* _Data segment_

=== Begin Enclosure ===

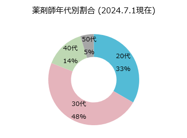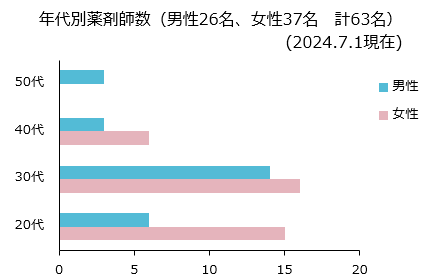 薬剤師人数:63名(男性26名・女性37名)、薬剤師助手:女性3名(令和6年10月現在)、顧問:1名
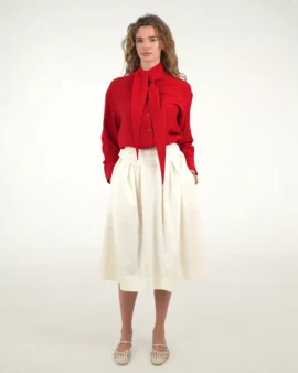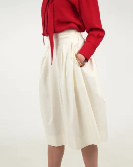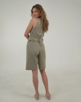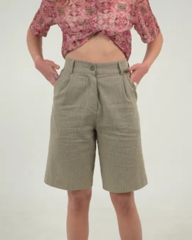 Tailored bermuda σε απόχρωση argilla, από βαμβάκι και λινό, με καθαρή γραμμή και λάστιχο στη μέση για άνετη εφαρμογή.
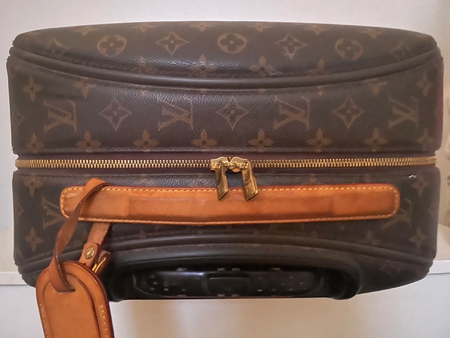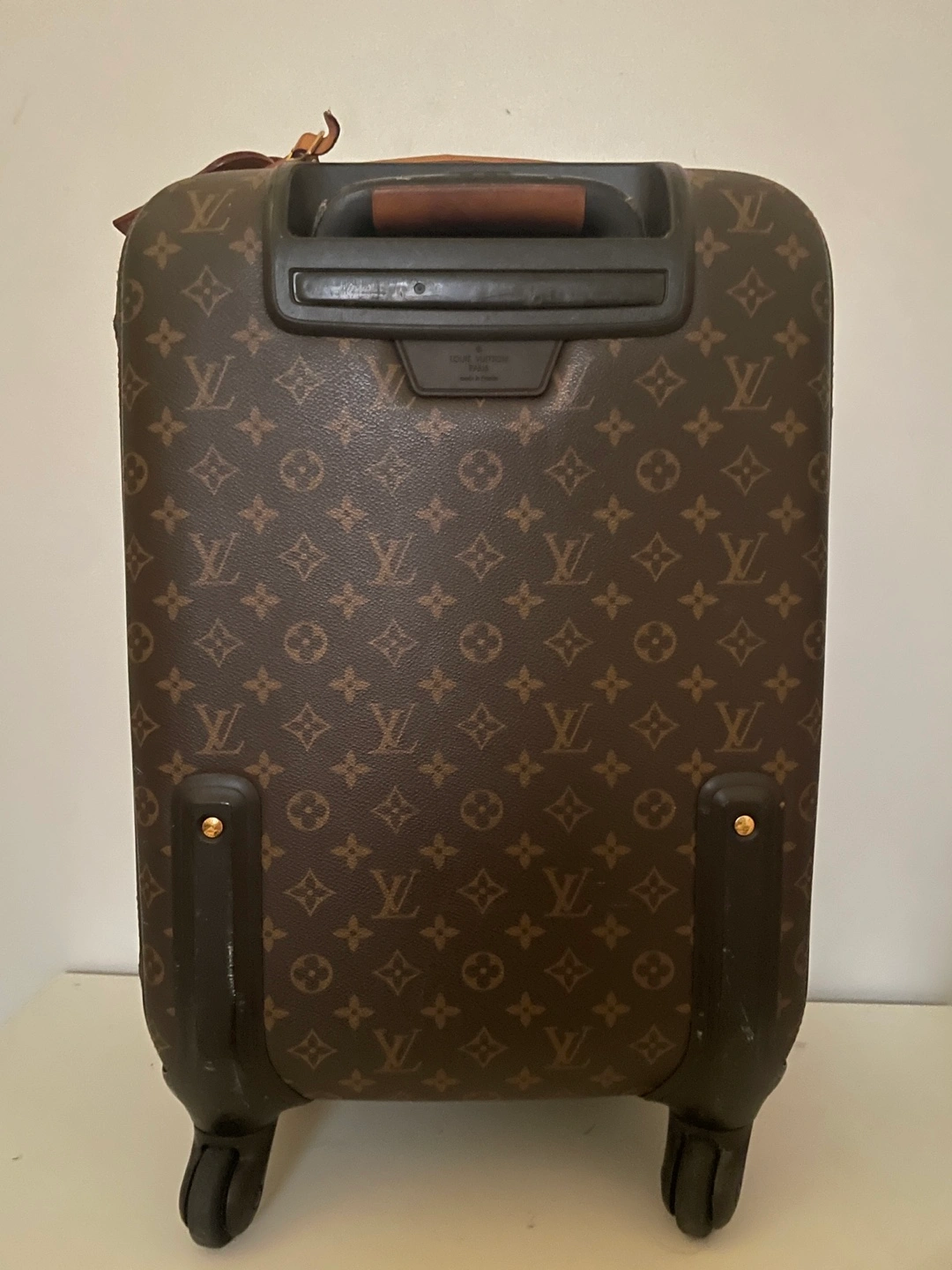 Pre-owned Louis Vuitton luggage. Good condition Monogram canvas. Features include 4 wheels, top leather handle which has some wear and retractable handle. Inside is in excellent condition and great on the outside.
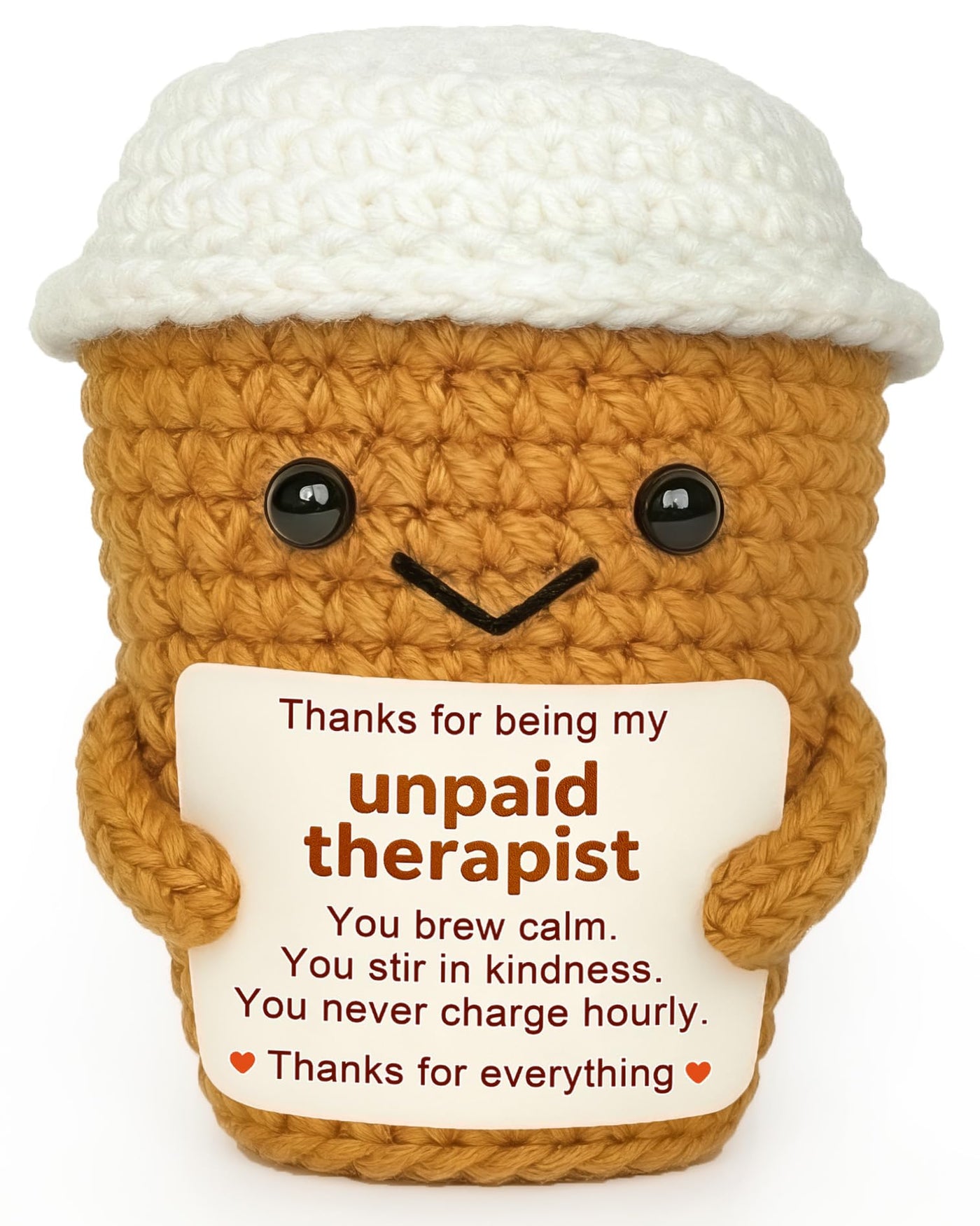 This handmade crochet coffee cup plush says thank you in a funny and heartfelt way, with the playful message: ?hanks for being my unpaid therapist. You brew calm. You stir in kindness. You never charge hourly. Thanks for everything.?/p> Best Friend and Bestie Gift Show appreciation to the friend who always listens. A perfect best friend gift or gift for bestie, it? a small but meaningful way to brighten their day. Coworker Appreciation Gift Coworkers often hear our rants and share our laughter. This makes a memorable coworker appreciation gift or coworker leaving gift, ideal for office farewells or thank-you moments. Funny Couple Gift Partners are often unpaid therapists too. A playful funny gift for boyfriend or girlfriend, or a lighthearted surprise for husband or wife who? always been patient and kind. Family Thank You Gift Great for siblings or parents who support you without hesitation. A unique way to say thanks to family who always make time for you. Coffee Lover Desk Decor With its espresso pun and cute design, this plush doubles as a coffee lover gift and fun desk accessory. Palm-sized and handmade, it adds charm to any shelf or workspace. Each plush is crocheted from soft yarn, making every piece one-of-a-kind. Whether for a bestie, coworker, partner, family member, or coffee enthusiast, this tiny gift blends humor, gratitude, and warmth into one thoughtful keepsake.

=== End Enclosure ===

* _Work to complete_
From the first line to the last, return the material above exactly, apart from the pictures.

* _Answer area_
 薬剤師人数:63名(男性26名・女性37名)、薬剤師助手:女性3名(令和6年10月現在)、顧問:1名
 Tailored bermuda σε απόχρωση argilla, από βαμβάκι και λινό, με καθαρή γραμμή και λάστιχο στη μέση για άνετη εφαρμογή.
 Pre-owned Louis Vuitton luggage. Good condition Monogram canvas. Features include 4 wheels, top leather handle which has some wear and retractable handle. Inside is in excellent condition and great on the outside.
 This handmade crochet coffee cup plush says thank you in a funny and heartfelt way, with the playful message: ?hanks for being my unpaid therapist. You brew calm. You stir in kindness. You never charge hourly. Thanks for everything.?/p> Best Friend and Bestie Gift Show appreciation to the friend who always listens. A perfect best friend gift or gift for bestie, it? a small but meaningful way to brighten their day. Coworker Appreciation Gift Coworkers often hear our rants and share our laughter. This makes a memorable coworker appreciation gift or coworker leaving gift, ideal for office farewells or thank-you moments. Funny Couple Gift Partners are often unpaid therapists too. A playful funny gift for boyfriend or girlfriend, or a lighthearted surprise for husband or wife who? always been patient and kind. Family Thank You Gift Great for siblings or parents who support you without hesitation. A unique way to say thanks to family who always make time for you. Coffee Lover Desk Decor With its espresso pun and cute design, this plush doubles as a coffee lover gift and fun desk accessory. Palm-sized and handmade, it adds charm to any shelf or workspace. Each plush is crocheted from soft yarn, making every piece one-of-a-kind. Whether for a bestie, coworker, partner, family member, or coffee enthusiast, this tiny gift blends humor, gratitude, and warmth into one thoughtful keepsake.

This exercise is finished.